Public Affairs

Scroungers: the false stereotype

Jim Larkin clipped ICTU’s John O’Farrell critiques the narrative put forward by the Coalition Government and conservative newspapers.

It was just a throwaway line in a half-hearted editorial about care homes in the Daily Express. It was so casual that it didn’t register until a day or so later: “… instead of handing out millions to lazy scroungers we should …”.

Everybody knows that fraud is rampant and that the real problem is that benefits are too generous and that welfare creates dependency – and that the reforms championed by the coalition in Westminster (and half of the coalition in Stormont) are ultimately necessary for the health of the economy as much as the morality of the claimants.

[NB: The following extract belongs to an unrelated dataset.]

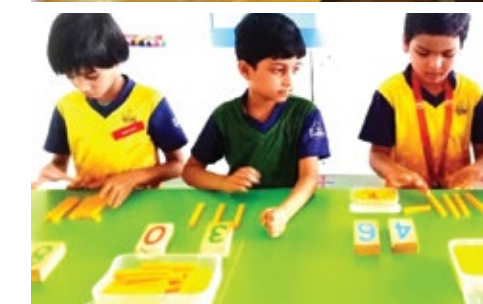
Language Arts Lab
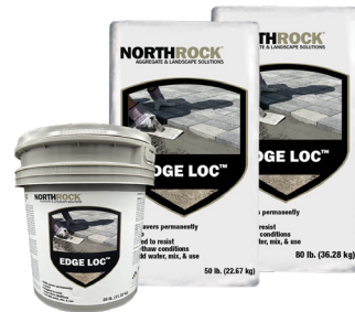
NorthRock® Edge Loc

A YouGov survey of the public’s perception on welfare found a startling level of ignorance, such as the belief that 41 per cent of the total welfare budget goes to the unemployed (reality: 3 per cent) and that fraud accounts for 27 per cent of the same budget (reality: 0.7 per cent).

Where did this come from? One answer is in the result of a Lexis Nexis search for the number of times the word “scrounger” has been used in the UK’s national newspapers, which showed a huge spike since 2010.

The Tory press has fed its readers a diet of horror stories of ungrateful and undeserving claimants, and the huge televisions they watch have been spewing a diet of frauds and freaks, creating an entire new genre: poverty porn. Hatred of the poor is now legitimised, on morning and evening TV, on radio phone-ins, on social media and on the streets, where people with obvious disabilities have been verbally and physically attacked.

The irony is that which divides New Tories from their former comrades in UKIP. Nigel Farage has had to spend much of his Euro election campaign denouncing his own members for saying and writing racist or homophobic or sexist remarks that were common currency 20 years ago.

However, demonise the poor and the consequences are electoral success. Welfare reforms and punishing the poor are at the core of the Tory election strategy for 2015. Central to that is the manipulation of statistics and emotions. In March, the House of Commons Work and Pensions Committee denounced Iain Duncan Smith, the Department for Work and Pensions press office and Tory central office for manipulating official statistics in order to show that the reforms were necessary and working.

Allied in this endeavour is the Tory press. I thought that the nadir had been reached when the Daily Mail and George Osborne colluded in portraying as “a vile product of Welfare UK” the murderous actions of Mick Philpott, who killed six of his own children while claiming benefits. I was wrong.

In April, after some mild criticism from church leaders and the Trussell Trust, the Mail on Sunday sent a crack team of investigative reporters to blow the lid on … food banks. Apparently, the big softies don’t run severe checks on people looking for three days’ supply of beans and pasta, and so any scrounger can take advantage of their kind hearts.

Happily, enough members of the public were enraged at this sordid bullying to swell the coffers of food banks such as the Trussell Trust with online donations.

But the master narrative is holding firm. Scroungers rip off the hardworking and even leech off charities. The common trope from Tory ministers is that people go to food banks for free food so they can spend their ill-gotten benefits on bad stuff like beer, Sky TV and drugs. Junior Minister and rising star Esther McVey said as much to the Scottish Government, while insisting that that there was “no robust evidence linking food bank usage to welfare reform”.

Shortly after, it was revealed that Ms McVey had accepted a £10,000 donation from Henry Angest, boss of the company that owns Everyday Loans, which charges 80 per cent APR to its clients. One presumes that there is no robust evidence linking poor people to payday loan companies, or that anyone ever borrows cash to pay for food for their family.